Литмир - Электронная Библиотека

– Рина!

– А что «Рина»? Мне ещё учиться и учиться у вас. Я вот нажалуюсь Плаксюре, тогда узнаете!

– Доносительство – не достойно комсомолки!

– Ах-ах, испугалась я вас прямо! – Твёрдо гнула своё девушка, в запальчивости уже крепко схватившая Потапова за локоть и тащившая прочь от виноградников.

Сергей Артемьевич наконец поддался на уговоры помощницы и позволил увести себя в правление. Потапов, действительно, был учеником Ивана Мичурина, даже жил в его доме около трёх лет.

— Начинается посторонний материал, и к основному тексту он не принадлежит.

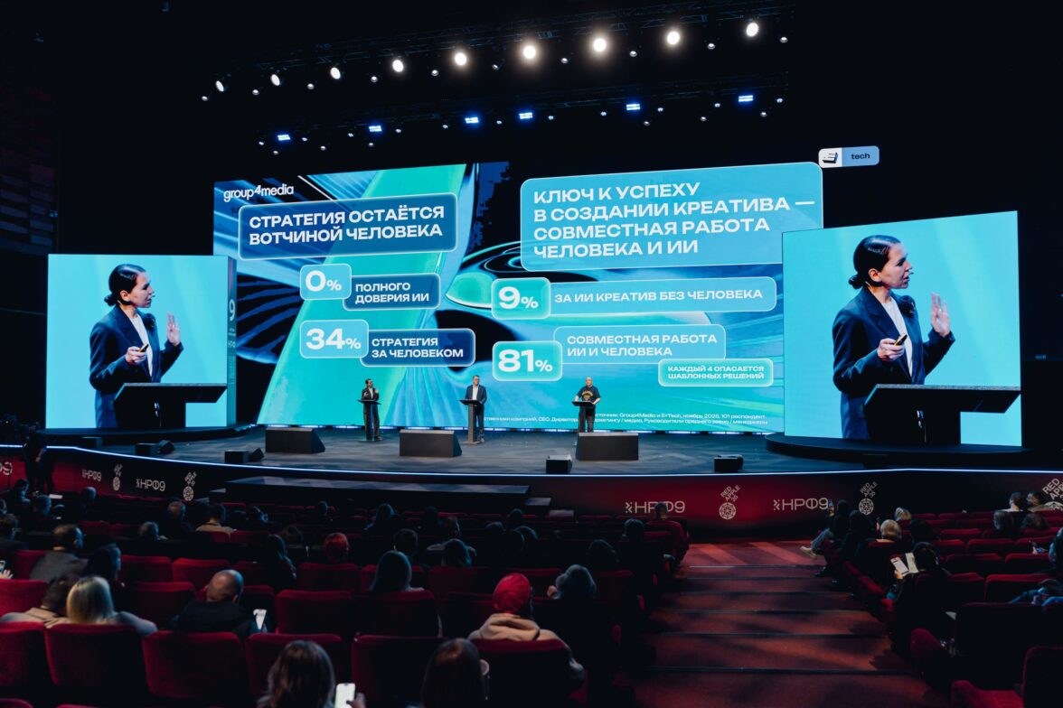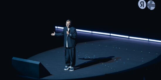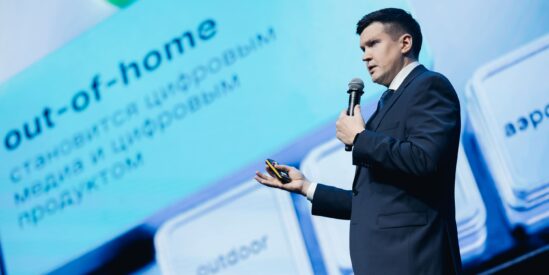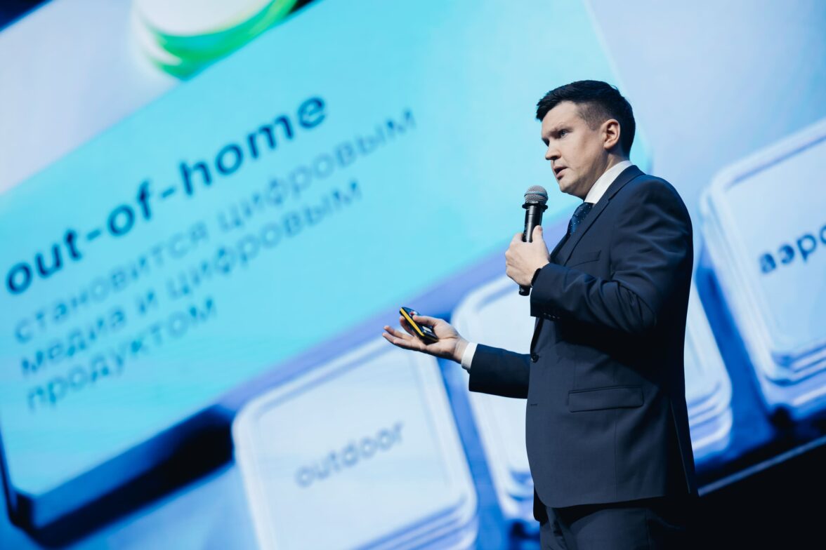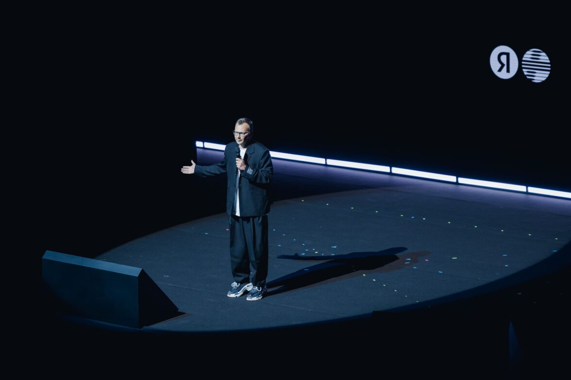 Перфоманс от Яндекс Плюс AdTech, на сцену выходит руководитель Яндекс Плюс Adtech Андрей Гевак, с гордостью представляя индустрии нового игрока.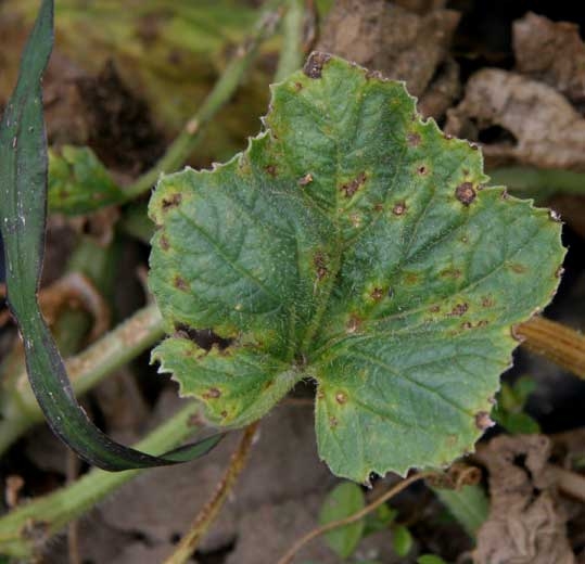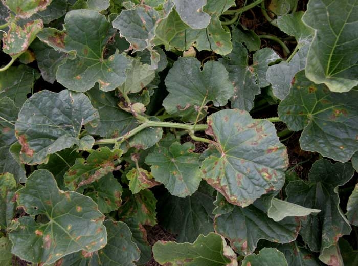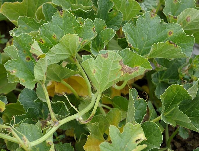 Des petites lésions humides apparaissent sur les feuilles souvent les plus jeunes. Ces lésions s'étendent progressivement pour former des taches plus ou moins circulaires, brunissant et se nécrosant en vieillissant. Elles peuvent prendre parfois une teinte grisâtre et être auréolées d'un halo jaune plus ou moins large. Les tissus affectés peuvent se détacher et tomber, conférant à la partie interne des taches un aspect plus ou moins étoilé, et au feuilles une apparence criblée. Notons que les lésions humides s'initient parfois à partir de nervures qui brunissent localement. Sur feuilles de melon (figures 2 à 7), des taches brunes, petites et nécrotiques apparaissent. Elles peuvent être également grisâtres, brunes en périphérie, parfois anguleuses, entourées d'un halo jaune. Des nécroses nervaires brunes se forment également.

Сейчас он был старым человеком, по-казачьи кривоногим, но крепким, и подвижным. Его загорелые руки были длинными, пальцы узловатыми, глаза, удивительного чёрно-фиолетового цвета, словно ягоды саперави, были глубоко посажены в глазницы, над которыми кустились седые проволочные брови. Он напоминал ожившую лозу, настолько старую, что весь урожай с неё ограничивался одной кистью, но сила ягод была такова, что способна была удивить самого требовательного винодела. Но в силу возраста и ему, и его жене Марии Серафимовне, требовалась активная помощница с функциями няньки. Октябрина Вепринцева, выпускница Калачевского техникума, взяла на себя эту добровольную нагрузку, думая перенять богатый опыт Потаповых в виноградарстве и селекции новых сортов.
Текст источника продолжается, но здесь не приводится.